Women'S fascination with hats knows few bounds, but, when it triggered a diplomatic incident, it went down in history. Nina Ponomareva was a doctor's wife, a teacher and 27-year-old mother of a two-year-old son. She spoke no English when apprehended at C&A in Oxford Street in 1956.

Store detectives said she hadn't paid for five hats. But she failed to appear in court and, for six weeks, "Nina and the five hats" were headline news until she was found guilty.

There were high-level exchanges between White-hall and Moscow. A two-day athletics international at the White City, between Britain and the Soviet Union, was scrapped. The Bolshoi Ballet threatened to axe a London tour, and a reciprocal Saddler's Wells visit was also at risk.

For Ponomareva was Olympic discus champion, an Amazon and an iconic figure in her homeland.

It was the year in which Elvis made his first chart entry, with Heartbreak Hotel; Khrushchev raised hopes of a new dawn by attacking veneration of Stalin, then dashed them by invading Hungary; and actress Grace Kelly married Prince Rainier.

Nina was born 80 years today, and was just 23 when she won gold in Helsinki. She was known as Miss Muscles, but soon took a husband, and held the world record when she arrived in London with the 100-strong Soviet team.

But when arrested on charges of shoplifting four feather hats (white, mauve, black, and yellow) plus a red woollen one, costing a total of £1.65, team manager Krupin said it was "a dirty provocation". Czarist supporters were accused of a dastardly plot.

When Nina failed to appear, a warrant was issued. Her embassy denied any knowledge and Special Branch staked out docks and airports.

Harold Abrahams, the 1924 Olympic 100 metres champion and treasurer of British athletics, expressed regret at cancellation of the meeting, and said all ticket money would be refunded. But Galina Ulanova, the Bolshoi's prima ballerina, wrote to the newspaper, Izvestia, and said she would not tour if she couldn't do so "without fear of persecution". UK fans had queued for three days in London paying £40,000 for tickets to her British debut.

The UK ambassador in Moscow was infuriated to be summoned to the Kremlin "to be harangued over this piddling business." Meanwhile, as the Soviets left for home, one was photographed trying to hide the C&A logo on a bag.

After 44 days, Ponomareva emerged from the embassy where she'd been all along. She was found guilty and ordered to pay three guineas (£3.15) costs, but was given an absolute discharge, which meant no criminal conviction.

She was driven straight to the steamship, Molotov, and sailed home but six weeks of trying to maintain fitness in the embassy took its toll. She was third in defence of her Olympic title in Melbourne where she was shadowed by KGB minders. But, in 1960, she regained the title, oldest Olympic champion in Rome.

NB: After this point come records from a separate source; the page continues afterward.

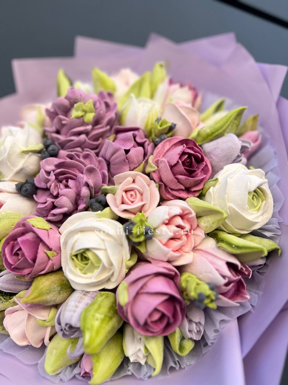 зефир в форме букета цветов. Состав: сахар, патока, пектин, агар, яблочное пюре, яичный белок, натуральный краситель, лимонная кислота. Цена за 1букет, размер М.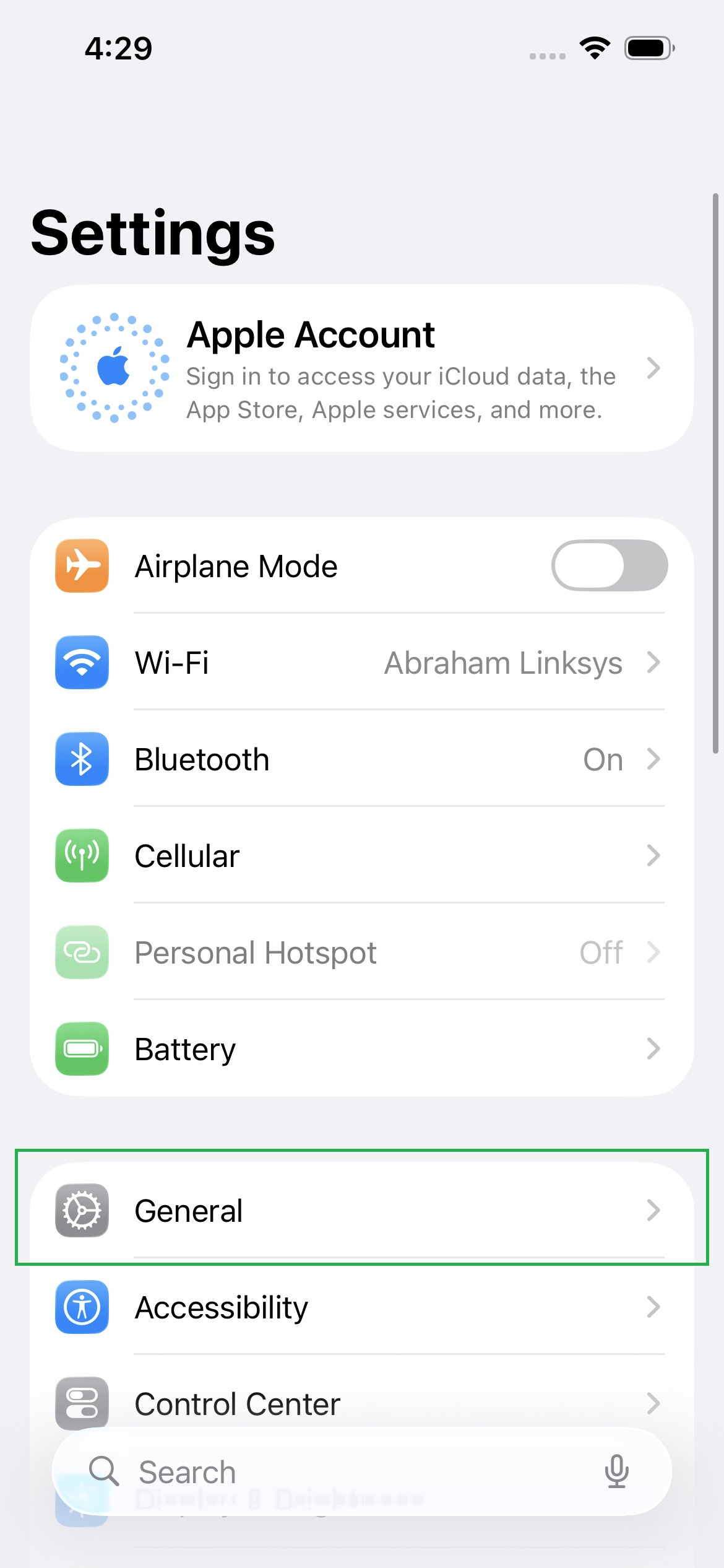 From the phone settings menu, select 'General'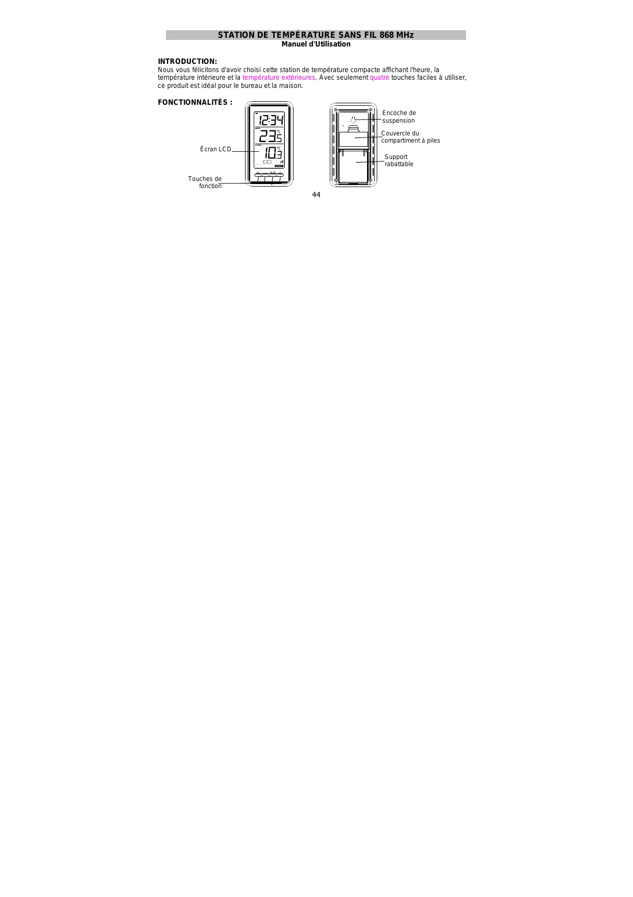 STATION DE TEMPÉRATURE SANS FIL 868 MHz Manuel d'Utilisation INTRODUCTION: Nous vous félicitons d'avoir choisi cette station de température compacte affichant l'heure, la température intérieure et la température extérieures. Avec seulement quatre touches faciles à utiliser, ce produit est idéal pour le bureau et la maison. FONCTIONNALITÉS : Encoche de suspension Couvercle du compartiment à piles Écran LCD Support rabattable Touches de fonction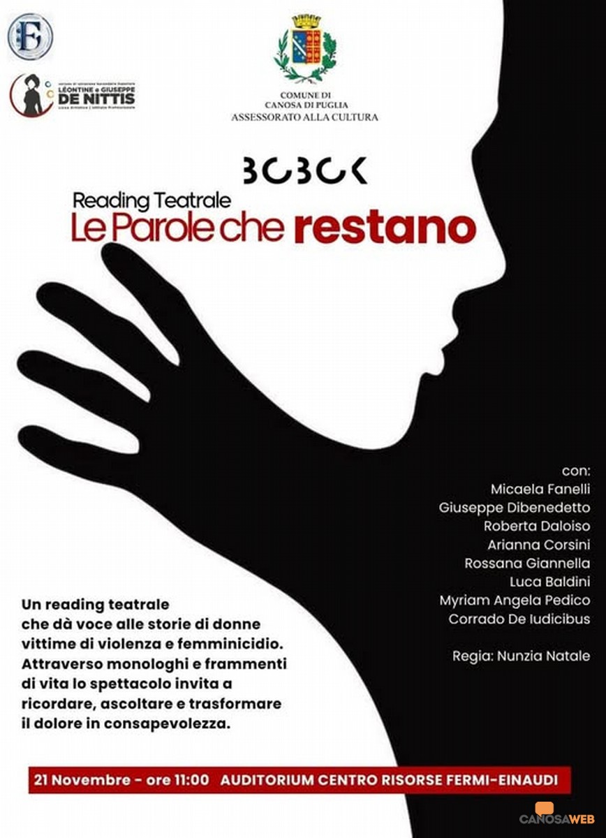 In occasione della Giornata internazionale contro la Violenza sulle Donne, venerdì 21 novembre, a partire dalle ore 11,00, si terrà un reading teatrale dal titolo "Le parole che restano", evento organizzato dall'Assessorato alla Cultura del Comune di Canosa di Puglia e dedicato agli studenti delle Scuole Superiori di II grado che avrà luogo presso l'Auditorium Centro Risorse dell'IISS "Fermi-Einaudi". La Compagnia Teatrale Bobok, diretta da Nunzia Natale, proporrà un reading teatrale dedicato alla riflessione sulla violenza di genere e sull'urgenza di promuovere una cultura del rispetto, della consapevolezza e della parità. La manifestazione, organizzata in collaborazione con l'IISS "Fermi-Einaudi" e l'IISS "Leontine e Giuseppe De Nittis" vedrà impegnati nello spettacolo dieci interpreti della compagnia che attraverso una sequenza di monologhi, dialoghi e testimonianze evocative, daranno voce alle tante storie di donne che hanno vissuto, subito o affrontato la violenza in tutte le sue forme. Le parole, intense e profonde, si intrecceranno con la musica eseguita dal vivo da Andrea Messina, che con i suoi interventi sonori accompagnerà e amplificherà le emozioni, creando un tessuto narrativo e sensoriale di grande impatto. L'iniziativa nasce dal desiderio di trasformare il teatro in uno spazio di ascolto, empatia e impegno civile, dove l'arte diventa strumento di denuncia, memoria e speranza. Un appuntamento che invita a fermarsi, a riflettere e a condividere un messaggio forte e universale: dire no alla violenza e sì alla libertà, alla dignità e alla vita di ogni donna.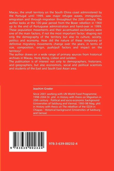 Macau, the small territory on the South China coast administered by the Portugal until 1999, saw major refugee waves, immigration, emigration and through-migration throughout the 20th century. The author looks at the 100-year period from the Boxerrebellion in 1900 up to the end of Portuguese administration andhand-over in 1999. These population movements and their accentuated oscillations were one of the main factors, if not the mostimportant factor, shaping not only the demography of the territorybut also its culture, society, politics and economy. How did the nature of these temporary or definitive migratory movements change over the years, in terms of size, composition, origin, push/pull factors and impact on the territory? The author draws on a widerange of primary sources from historical archives in Macau, HongKong, Lisbon and London. The publication is of interest not only to demographers, historians, and geographers, but also economists, social and political scientists andstudents of the East and SouthEast Asian area.

Ponomareva always insisted she had paid for the hats. Was she a victim? The prosecution said she'd no receipt but, in Russia, customers pay at a central till and the sales assistant retains the receipt as proof of purchase. Ponomareva would not have thought to ask for one in London.

Curiously, when she was apprehended in the store, her purse contained exactly the correct change: the equivalent of the 108 rouble allowance converted to English currency, minus the cost of the five gaudy hats and other purchases.